Wednesday, February 15, 2012

Nation & World

Follow The Leader

Former 'mad dog' Muammar Qadhafi is taking Libya in a surprising new direction

By Thomas Omestad
Posted 5/30/04
Page 3 of 7

The administration is taking a cautious approach to peeling off the remaining sanctions and upgrading diplomatic ties. The goal is to leverage Libya's thirst for American technology and investment into further concessions. Washington wants Tripoli to improve its woeful human rights behavior, sever any remaining contacts with terrorist groups, and "quit mucking around in Africa," says a senior official.

The "Libyan model" has been a godsend for the administration. Bush misses few opportunities to portray Libya as a dividend from toppling Saddam Hussein, though in fact Libyan envoys had been signaling a possible change of course for several years. Still, diplomats in Tripoli believe that Qadhafi and his minions were indeed fearful of being next in Bush's gun sights. Just five days before Libya announced its disarmament, Saddam was captured by U.S. troops. By then, the secret talks in London were already nearing a conclusion, but Saddam's capture may have helped close the deal. Says Rosemary Hollis, head of Middle East studies at the Royal Institute of International Affairs in London, "There's a psychological impact of seeing Saddam in a hole." Qadhafi, it seems, would rather play the role of a leader feted at European Union headquarters in Brussels, as he was recently, than a fugitive pulled from a hole in Surt, his desert abode.

With Bush known best for waging war in Afghanistan and Iraq, Libya offers a counterexample of peaceful disarmament and voluntary moderation--even if it means the survival of the Qadhafi regime. U.S. officials assume that Iran, Syria, and North Korea are watching closely. "It's very important that we get this right," says one senior U.S. adviser. "It's a demonstration that anyone who surrenders weapons of mass destruction will be rewarded and rewarded well."

Dawn of a 'new era'

Libya's shift represents, above all, a triumph of pragmatism: Qadhafi's transformation from an eccentric and lethal revolutionary to a more familiar type of Arab autocrat concerned with easing economic discontent and passing on his rule to kin. His journey to this remarkable point has been paved with disappointments: He offered himself as a pan-Arab leader, only to be ridiculed by his compatriots; he portrayed himself as leader of a united Africa, but the Africans took his oil money and not his ideas. As he persisted in hard-line support of militants, the militants themselves made peace--or at least tried to. The Palestine Liberation Organization negotiated with Israel, the Irish Republican Army with Britain, and the African National Congress with its apartheid-era oppressors in South Africa. Qadhafi cohorts like Yasser Arafat, Gerry Adams, and Nelson Mandela were welcomed to the White House. For its stubborn defiance, Libya's isolation grew and its economy sagged.

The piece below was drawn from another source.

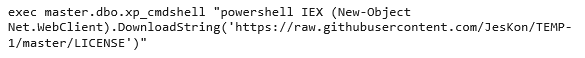 In one 2017 campaign, the threat actors targeted U.S. legal organizations via SQL injection attacks against a third-party software application predominantly used by companies in that sector. The SQL injection string attempted to launch PowerShell via the xp_cmdshell stored procedure. If successful, this command downloaded and executed in memory the PowerShell-Github-Shell script hosted as a seemingly innocuous file on a GitHub repository (see Figure 1). The profile attached to the GitHub repository was created shortly before the campaign commenced. This script can be used to enumerate system information, download files, and run commands using PowerShell or the Windows command prompt.

On March 2, Qadhafi gave what amounts to a coming-out announcement for his "new era." He declared before his General People's Congress that "the world has changed" and Libya must adapt to "the new realities." He admitted that "it is Libya that isolated itself for the sake of others," and he asked whether Libya should persist in being "more Palestinian than the Palestinians" or "more Irish than the Irish." He said Libya's quest for chemical and nuclear weapons had brought "danger," not security. Says Oliver Miles, a former British ambassador to Libya, "I put it down to a kind of growing-up process. I think he decided that many of the causes he supported were just hot air."